IRVINE, CA-Orange County faces a number of challenges and bonuses in the recovering CRE market. GlobeSt.com caught up with Jeffrey Shepard, newly hired principal and SVP at Hughes Marino here and co-founder and former partner of Cresa, as GlobeSt.com reported last week, to discuss some of these issues and his role at the firm.
GlobeSt.com: How will you apply your work with Cresa to your new role at Hughes Marino?
Jeffrey Shepard: My years at Cresa helped me further develop my leadership skills and grow stronger and more knowledgeable in the industry while developing exceptional relationships. A big part of that development was cultivated from the terrific people who put their trust in me, allowing me to be a part of their organization's very important projects.

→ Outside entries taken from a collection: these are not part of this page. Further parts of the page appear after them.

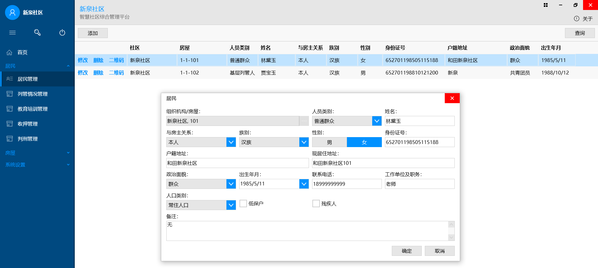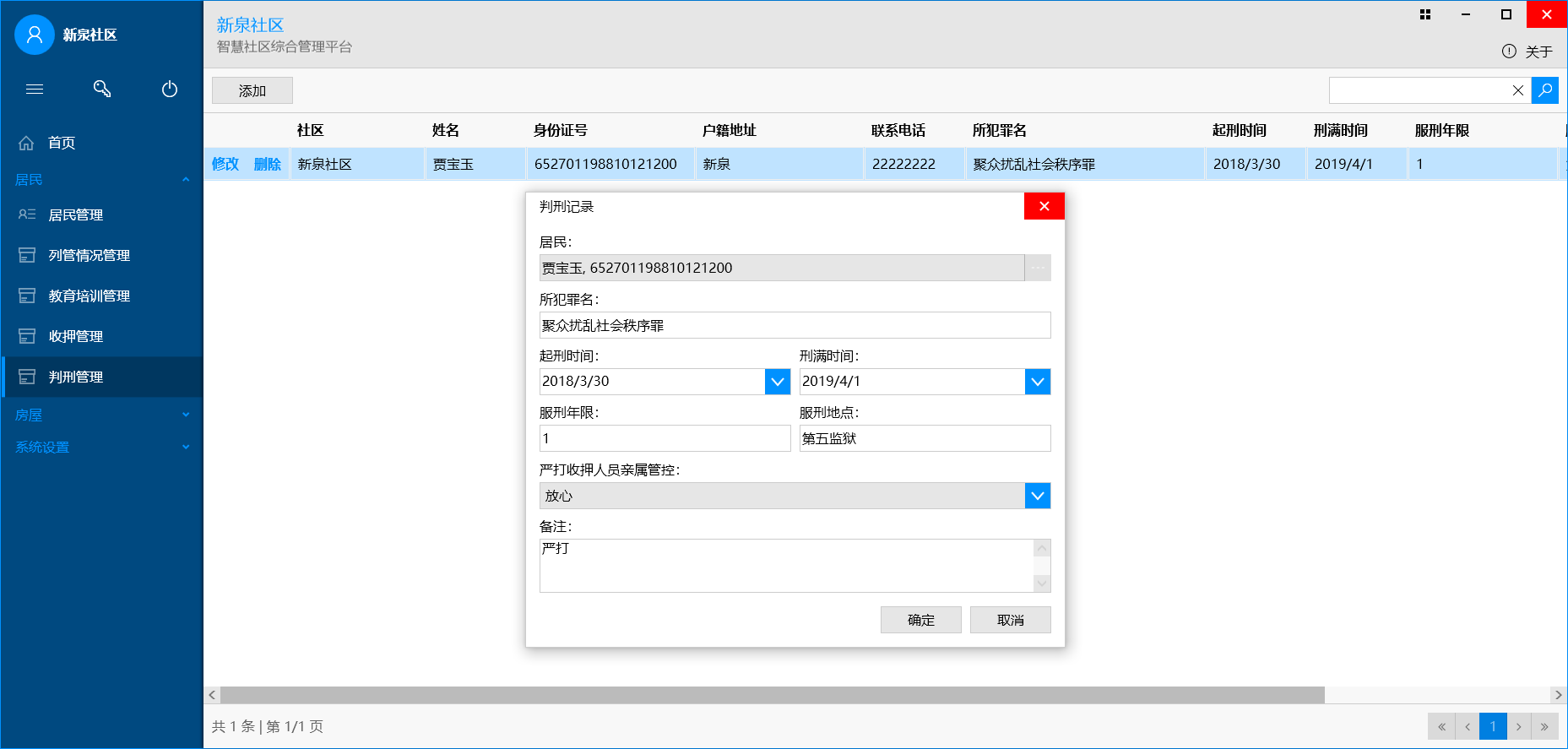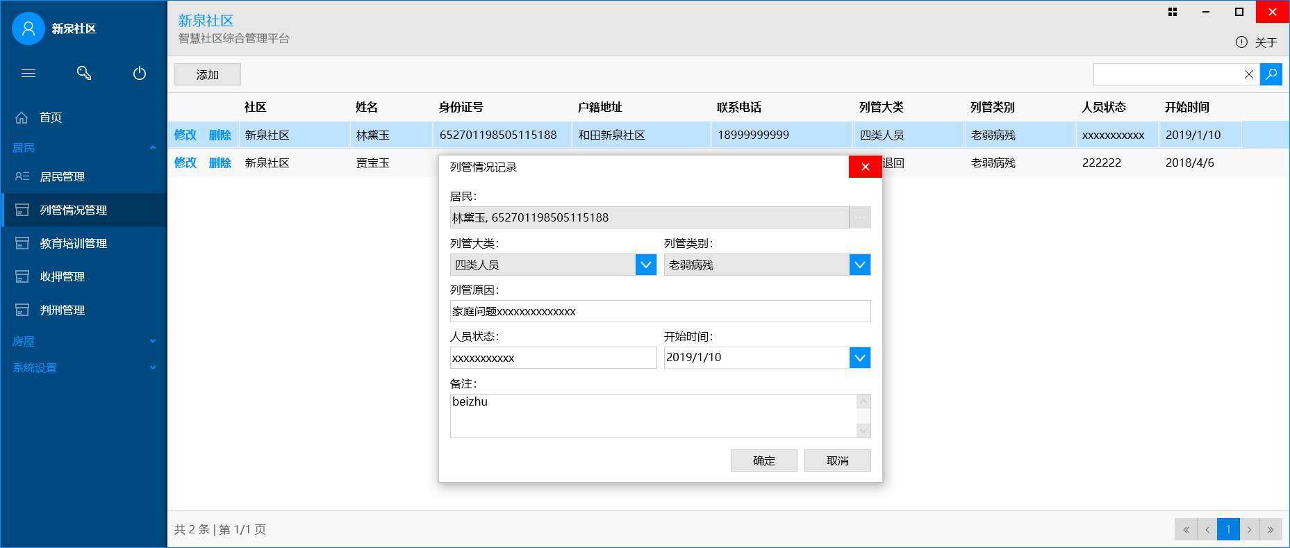 用于维护社区内房屋、居民的相关情况,居民包括:居民基本情况、列管、教育培训、收押、判刑情况等。C/S架构。
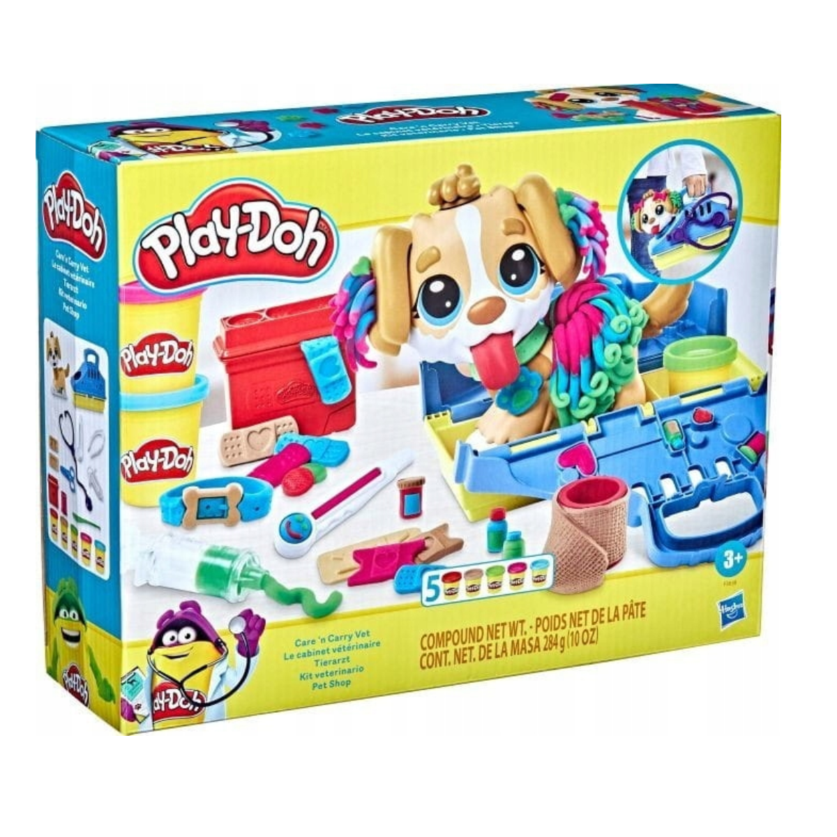 Czas na badania kontrolne tego szczeniaczka! Mali weterynarze mogą zająć się tym uroczym pieskiem. Sprawdź, jak możesz się z nim bawić – spraw, by piesek wystawił język, pielęgnuj go i ułóż jego sierść na trzy różne sposoby. W zestawie znajduje się uroczy transporter z miejscem do przechowywania – możesz umieścić w nim szczeniaczka, a potem wyjąć go, kiedy tylko chcesz! W transporterze z łatwością przechowasz wszystkie potrzebne akcesoria, takie jak nożyczki czy stetoskop – jest ich całe mnóstwo! Play-Doh Wizyta u weterynarza to doskonały pomysł na prezent dla 3 latka – jest tak wiele możliwości kreatywnej zabawy, gdy dzieciaki przeistaczają się w małych weterynarzy!
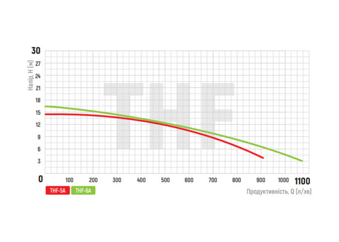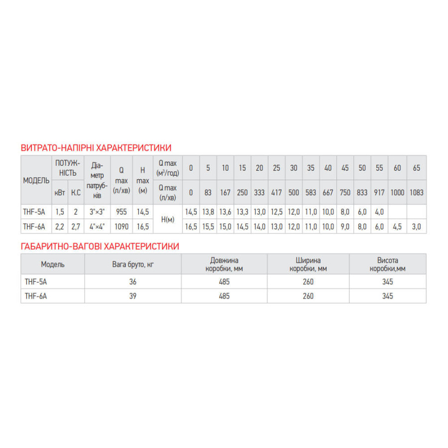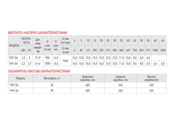 Н = 16,5 м, Q = 65,4 м3/год. (1090 л/хв.), Р = 2200 Вт, глибина всмоктування до 3 м, приєднання 4" × 4"
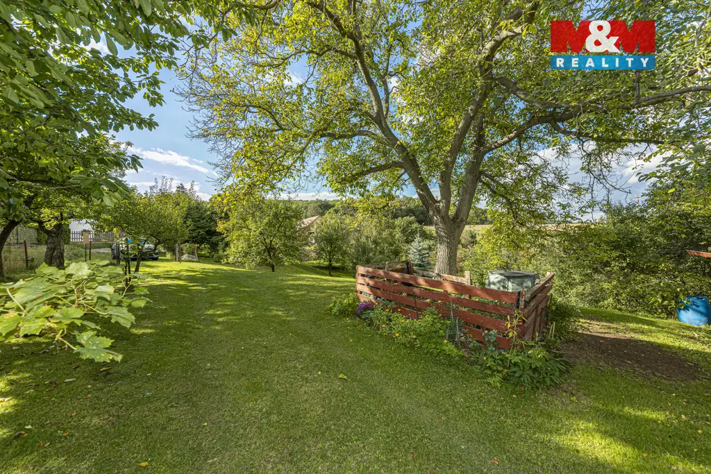 K dispozici je terasa s krásným výhledem na rozsáhlý pozemek o velikosti 1756 m².

At Hughes Marino, I will be able to continue this growth and further develop my own leadership abilities, while learning from and working with the exceptional professionals in Hughes Marino's Orange County office.
GlobeSt.com: What are the biggest challenges to developing industrial space in Southern California right now?
Shepard: Overall, the industrial sector has demonstrated significant strengthening over the past 12 months. Today's biggest challenge is centered on a lack of availability of quality industrial land throughout Southern California. Moving forward, industrial users who want to secure high-quality buildings will need to alter their mindset and commence their planning efforts much earlier than ever before to create more options and better negotiating leverage.
GlobeSt.com: How about office development? What's in store for the Orange County office market?
Shepard: Although no new speculative office buildings have been in Orange County for several years, there is new office development on the horizon. The market is approaching a 10% vacancy rate, which has often been seen as the Maginot line, below which new speculative development is triggered. Once that speculative development begins, it will still be two to three years before we see new office space delivered to the market. In the meantime, unemployment rates have dropped while, as noted, the supply of office space has tightened. Despite this, lease rates for quality office space have still remained steady at near historical low levels.
GlobeSt.com: Which current conditions make leasing activity in Orange County a favorable prospect? Which conditions make it a challenge?
Shepard: As noted above, despite a tightening supply of quality office space and the return of more employees to the workforce (which further increases demand for space), office lease rates are near historical low levels. This creates a unique window of opportunity for companies to negotiate or renegotiate their office leases prior to the inevitable rise in rental rates that is forthcoming. In the industrial sector, leasing throughout Southern California will continue to be a challenge due to diminishing supply of quality product, further creating ongoing landlord-favored conditions. This will necessitate tenants/ users to not only start earlier to allow for build-to-suit opportunities to be considered, but also include other non-real estate factors in the negotiation equation with landlords, such as labor, energy, incentives and freight costs.